De logeerpartij bij Lilly duurde langer dan gepland, twee weken langer. Om alles uit die twee weken even samen te vatten: ik had geen idee wat er om mij heen gebeurde. Ik was de hele dag bezig met overleven, maar ik reageerde te langzaam, de vraag moest drie keer herhaald worden voordat die tot me door drong. Behalve Lilly had nog niemand mij zien huilen. De mensen van het voogdijbureau waren langs geweest. Ik was al negentien maar ik zat nog op de middelbare school, de moeder van Lilly had een afspraak met het bureau gemaakt om te kijken wat mijn opties waren. Bij Lilly thuis kon ik niet blijven, daar hadden ze het geld niet voor, Lilly vond het vreselijk dat ze me in deze situatie niet kon helpen. Ik kon niet op mezelf wonen aangezien ik mijn school nog af moest maken en dus geen tijd had voor een baan. Ik kon ook niet naar een weeshuis omdat ik al negentien was. Er bleef dus maar een optie over.

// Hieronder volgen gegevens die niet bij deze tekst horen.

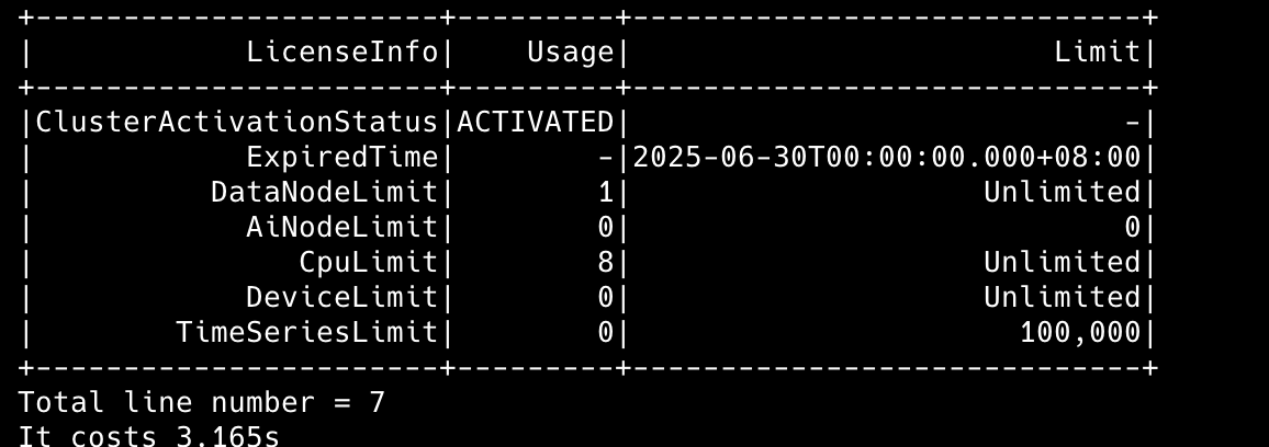 IoTDB> activate '01-D4EYQGPZ-EAUJJODW-NUKRDR6F-TUQS3B75-EDZFLK3A-6BOKJFFZ-ALDHOMN7-NB2E4BHI-7ZKGFVK6-GCIFXA4T-UG3XJTTD-SHJV6F2P-Q27B4OMJ-R47ZDIM3-UUASUXG2-OQXGVZCO-MMYKICZU-TWFQYYAO-ZOAGOKJA-NYHQTA5U-EWAR4EP5-MRC6R2CI-PKUTKRCT-7UDGRH3F-7BYV4P5D-6KKIA==='2.7 Verify Activation

'We bellen, mailen, sms'en en schrijven iedere dag. En ik kom zo snel mogelijk langs.' zei Lilly met een brok in haar keel.
Ik keek haar aan met tranen in mijn ogen, ik zou haar zo erg gaan missen. Zij was de enige die ik altijd alles vertelde en ze kende me beter dan wie dan ook.
'Lieverd, als je hier wilt komen logeren ben je altijd welkom,' zei de moeder van Lilly 'sorry dat je niet bij ons kon blijven.'
'Dat is niet erg mevrouw, ik snap het,' zei ik met een zure glimlach 'bedankt voor alles.'
Ze keek me even bezorgd aan. Ik moest gaan, mijn vliegtuig zou snel vertrekken en ik moest nog inchecken. Snel gaf ik Lilly nog een knuffel, voor de laatste keer draaide ik me om en zwaaide. Voordat de tranen weer terug zouden komen draaide ik me om, op weg naar de incheckbalie.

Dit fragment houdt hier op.